__Task requirements__. Look through the listing below for the line with "We will start" and the line with "Η έκθεση θα". Copy both, along with every line between them, exactly and with no pictures.

__Data for review__.
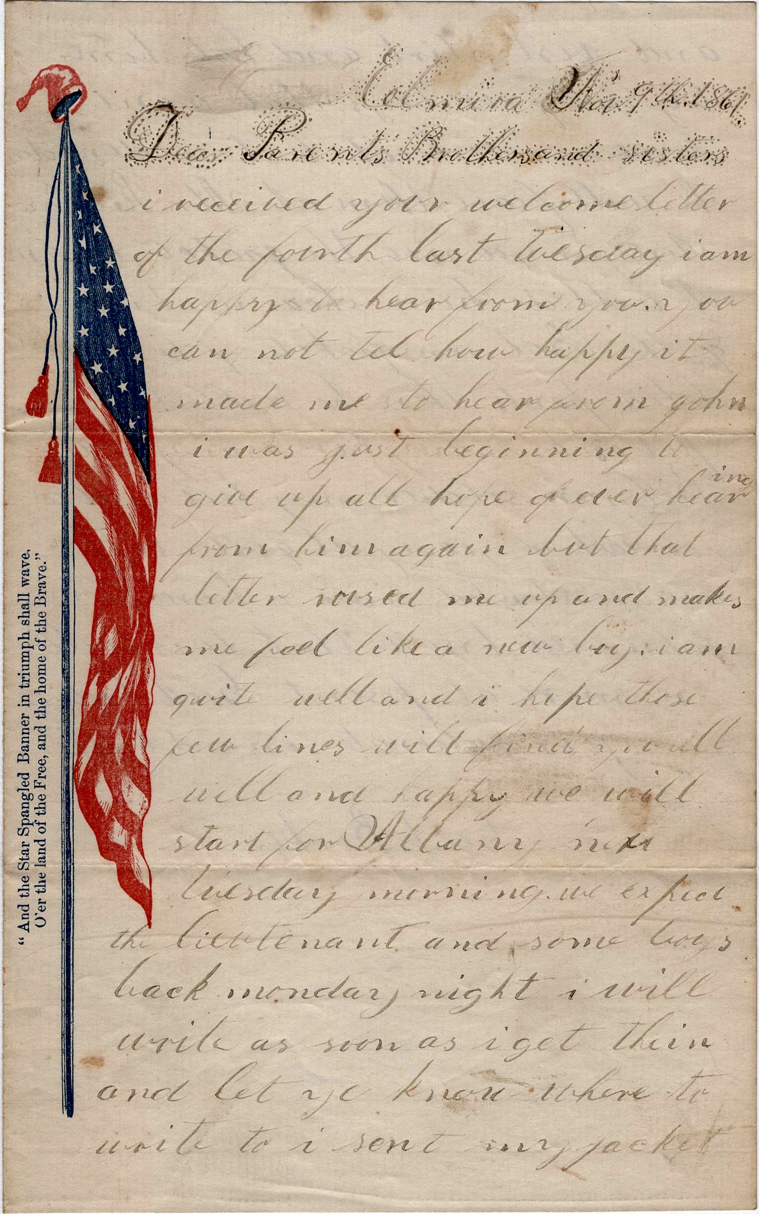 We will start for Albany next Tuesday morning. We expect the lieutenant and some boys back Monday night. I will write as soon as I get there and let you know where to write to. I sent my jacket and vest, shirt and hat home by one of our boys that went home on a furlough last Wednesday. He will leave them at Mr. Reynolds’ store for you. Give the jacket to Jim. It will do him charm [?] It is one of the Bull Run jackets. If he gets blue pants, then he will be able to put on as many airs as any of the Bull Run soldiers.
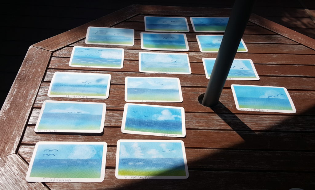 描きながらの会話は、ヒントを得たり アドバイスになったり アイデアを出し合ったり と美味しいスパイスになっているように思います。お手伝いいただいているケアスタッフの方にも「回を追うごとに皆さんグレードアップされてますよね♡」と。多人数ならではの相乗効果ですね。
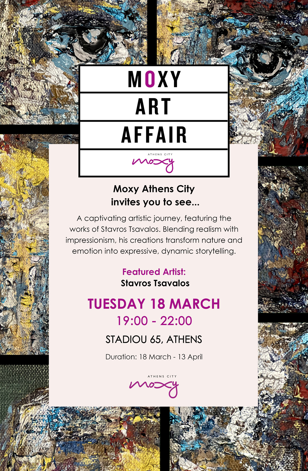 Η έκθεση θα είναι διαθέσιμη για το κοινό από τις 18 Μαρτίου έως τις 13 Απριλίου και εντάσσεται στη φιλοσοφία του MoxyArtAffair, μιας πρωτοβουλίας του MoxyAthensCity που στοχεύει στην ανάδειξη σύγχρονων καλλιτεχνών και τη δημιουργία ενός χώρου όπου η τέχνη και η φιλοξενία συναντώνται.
* * *
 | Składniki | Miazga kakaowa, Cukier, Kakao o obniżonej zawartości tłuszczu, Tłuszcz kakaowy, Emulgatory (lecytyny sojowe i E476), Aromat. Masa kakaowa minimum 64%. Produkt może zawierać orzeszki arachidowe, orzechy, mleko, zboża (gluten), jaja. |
---
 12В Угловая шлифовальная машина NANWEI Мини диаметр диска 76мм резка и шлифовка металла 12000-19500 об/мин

__Solution to this exercise__.
 We will start for Albany next Tuesday morning. We expect the lieutenant and some boys back Monday night. I will write as soon as I get there and let you know where to write to. I sent my jacket and vest, shirt and hat home by one of our boys that went home on a furlough last Wednesday. He will leave them at Mr. Reynolds’ store for you. Give the jacket to Jim. It will do him charm [?] It is one of the Bull Run jackets. If he gets blue pants, then he will be able to put on as many airs as any of the Bull Run soldiers.
 描きながらの会話は、ヒントを得たり アドバイスになったり アイデアを出し合ったり と美味しいスパイスになっているように思います。お手伝いいただいているケアスタッフの方にも「回を追うごとに皆さんグレードアップされてますよね♡」と。多人数ならではの相乗効果ですね。
 Η έκθεση θα είναι διαθέσιμη για το κοινό από τις 18 Μαρτίου έως τις 13 Απριλίου και εντάσσεται στη φιλοσοφία του MoxyArtAffair, μιας πρωτοβουλίας του MoxyAthensCity που στοχεύει στην ανάδειξη σύγχρονων καλλιτεχνών και τη δημιουργία ενός χώρου όπου η τέχνη και η φιλοξενία συναντώνται.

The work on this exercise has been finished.